Regular $p$-norm of a matrix

Question

Let $n \in \mathbb{N}$ and $p \in [1,\infty]$ be fixed and endow $\mathbb{C}^n$ with the $p$-norm $\|\cdot\|_p$. For every matrix $A \in \mathbb{C}^{n \times n}$ we denote the operator norm of $A$ as an operator on $\mathbb{C}^n$ by $\|A\|_p$, too. Moreover, let $|A|$ denote the matrix whose entries are the absolute values of the entries of $A$.

The number $\| \,|A|\,\|_p$ is sometimes called the regular norm of $A$ (in particular in Banach lattice theory, where a norm on the space of regular operators is constructed this way).
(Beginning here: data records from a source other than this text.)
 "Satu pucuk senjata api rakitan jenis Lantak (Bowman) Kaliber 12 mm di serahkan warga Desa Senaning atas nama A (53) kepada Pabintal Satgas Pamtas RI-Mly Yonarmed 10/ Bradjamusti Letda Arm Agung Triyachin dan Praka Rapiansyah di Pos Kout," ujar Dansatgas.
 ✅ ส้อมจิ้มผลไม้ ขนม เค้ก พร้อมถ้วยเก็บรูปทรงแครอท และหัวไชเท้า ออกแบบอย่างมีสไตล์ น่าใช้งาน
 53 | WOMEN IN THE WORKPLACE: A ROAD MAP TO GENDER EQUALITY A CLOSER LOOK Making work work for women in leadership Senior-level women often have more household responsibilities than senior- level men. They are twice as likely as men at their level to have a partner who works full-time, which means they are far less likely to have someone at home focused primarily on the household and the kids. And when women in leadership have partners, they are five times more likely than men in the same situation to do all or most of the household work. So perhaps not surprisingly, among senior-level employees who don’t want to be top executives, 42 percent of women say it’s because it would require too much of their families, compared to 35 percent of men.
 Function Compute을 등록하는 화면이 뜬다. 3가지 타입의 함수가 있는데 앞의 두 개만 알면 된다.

We clearly have $\|A\|_p \le \| \,|A|\,\|_p$, and equality holds for $p = 1$ and $p = \infty$. For general $p$, Mark Meckes explained in his answer to this question that the Riesz-Thorin theorem implies the estimate \begin{align*} \| \,|A|\,\|_p \le c_{n,p} \|A\|_p, \tag{E} \end{align*} where $c_{n,p} = n^{\frac{2}{p}(1 - \frac{1}{p})}$.
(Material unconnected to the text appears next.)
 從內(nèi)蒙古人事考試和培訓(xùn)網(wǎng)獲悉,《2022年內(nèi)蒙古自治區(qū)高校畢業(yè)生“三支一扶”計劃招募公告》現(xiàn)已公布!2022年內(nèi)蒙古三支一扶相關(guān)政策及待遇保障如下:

Question: Is the estimate (E) sharp? If not, what is the optimal constant for the estimate (depending on $n$ and $p$)?

Remarks:

• Clearly, the inequality (E) is sharp (and actually an equality) for $p = 1$ and $p = \infty$.
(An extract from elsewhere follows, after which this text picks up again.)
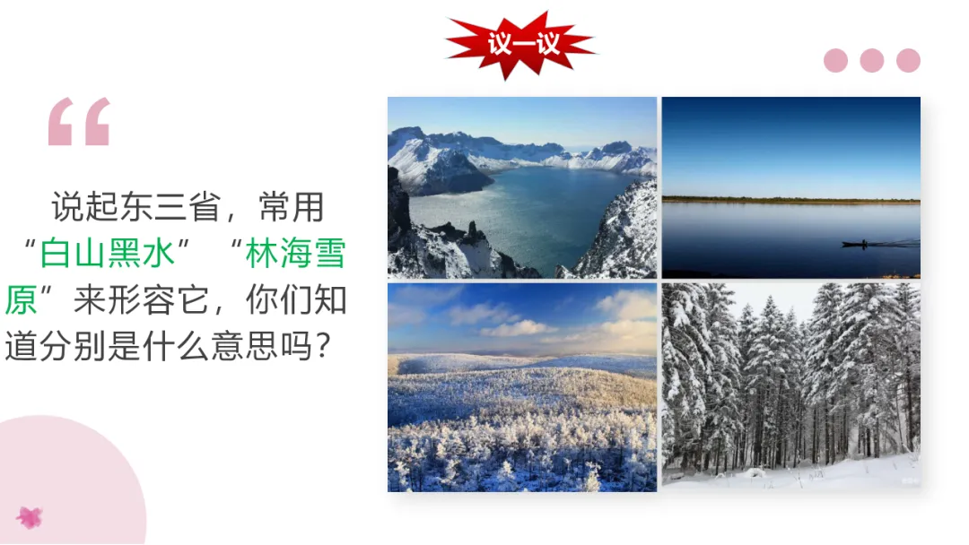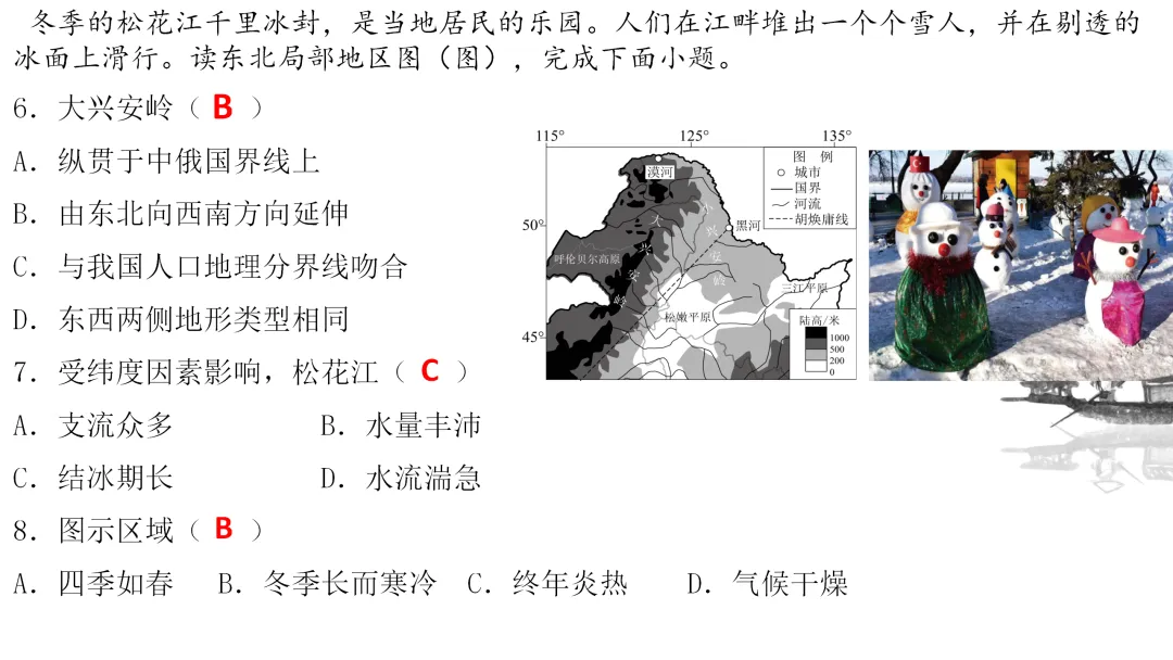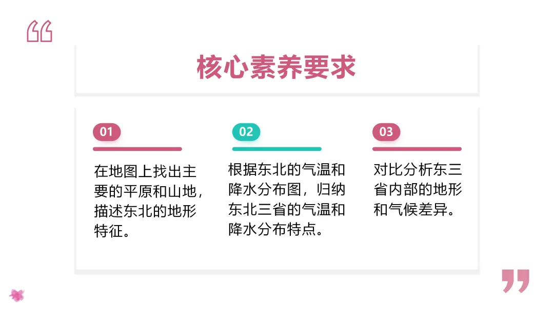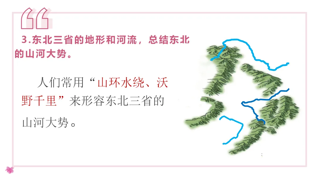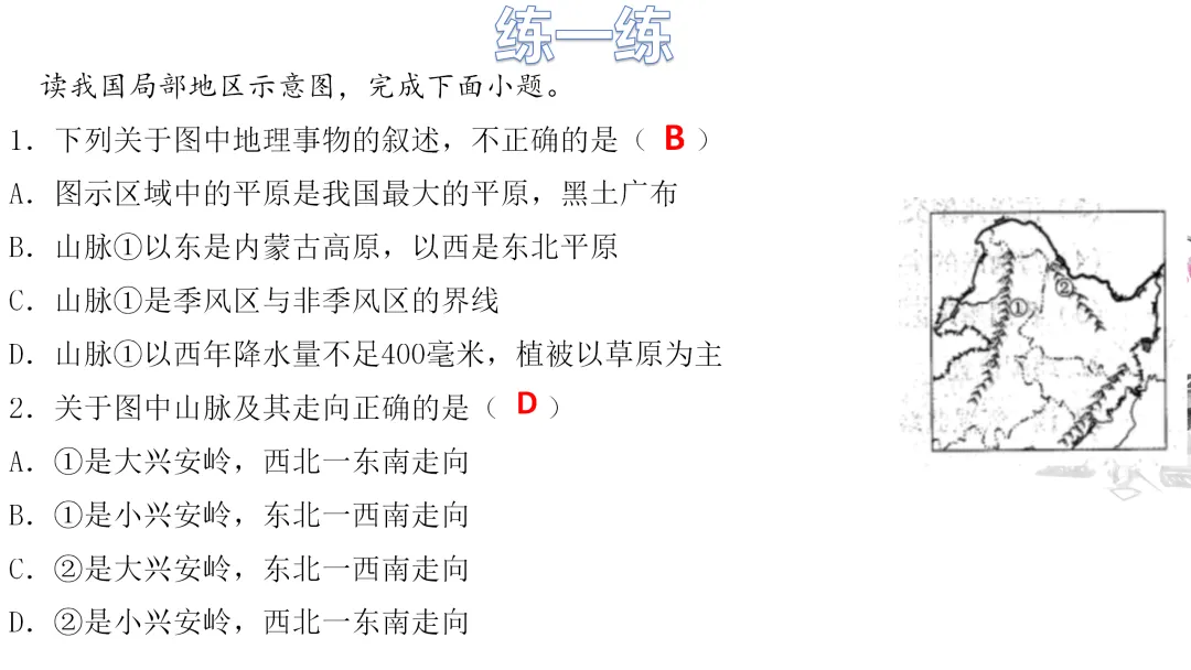 1. 利用地图识记北方的主要山脉、河流、地形区,了解农业特色。

• Let $U \in \mathbb{C}^{n\times n}$ be such that $\frac{1}{\sqrt{n}}U$ is a unitary matrix and such that each entry of $U$ has modulus $1$ (such a matrix exists for every $n$; for instance, we can choose $U$ to be the transformation matrix of the Fourier transform on $\mathbb{Z}/n\mathbb{Z}$). Then one can prove by employing Hölder's inequality several times that $\|\, |U| \, \|_p = n$ for each $p \in [1,\infty]$, and that $\|U\|_p = n^{1/p}$ for $p \in [1,2]$, while $\|U\|_p = n^{1-1/p}$ for $p \in [2,\infty]$. Thus, we obtain $\|\,|U|\,\|_p = \tilde c_{n,p} \|U\|_p$, where \begin{align*} \tilde c_{n,p} = \begin{cases} n^{1-1/p} \quad & \text{for } p \in [1,2], \\ n^{1/p} \quad & \text{for } p \in [2,\infty]. \end{cases} \end{align*} We have $\tilde c_{n,p} \le c_{n,p}$, and the existence of $U$ shows that the optimal constant for (E) is somewhere in between.

• Note that $\tilde c_{n,2} = c_{n,2} = n^{1/2}$, so we know that the estimate (E) is sharp for $p=2$; this is also mentioned in Mark Meckes' answer quoted above.

Note: A loosely related question concerned with the Schatten $p$-norm of a matrix can be found here.

Edits made 2018-06-03:

• I've replaced the real scalar field with $\mathbb{C}$ since this seems to be more appropriate for the question.

• I've added the example matrix $U$ to show that the number $\tilde c_{n,p}$ is a lower bound for the optimal constant.

Answer 1

It is trivially $n^{1/p}$ for $p>2$ (and, therefore, $n^{1-\frac 1p}$ for $1<p<2$ because the norm of the adjoint operator in the dual space is the same as the norm of the operator in the space itself). To see it, choose the vector $x$ of $\ell^p$ norm $1$ so that $$ \sum_i\left|\sum_j |a_{ij}|x_j\right|^p=\||A|\|^p $$ Now choose $i$ so that $$ \left|\sum_j |a_{ij}|x_j\right|^p\ge \frac 1n\||A|\|^p $$ Rotate $x_j$ to $y_j$ preserving the absolute values so that for this particular $i$, we have $$ \sum_j |a_{ij}|x_j=\sum_j a_{ij}y_j $$ Then $$ \|A\|^p\ge \sum_i\left|\sum_j a_{ij}y_j\right|^p\ge \frac 1n\||A|\|^p $$ and we are done.

What "Riesz-Thorin" are we talking about? Much less trivial questions get closed in no time and this one got 8 upvotes and 2 favorites...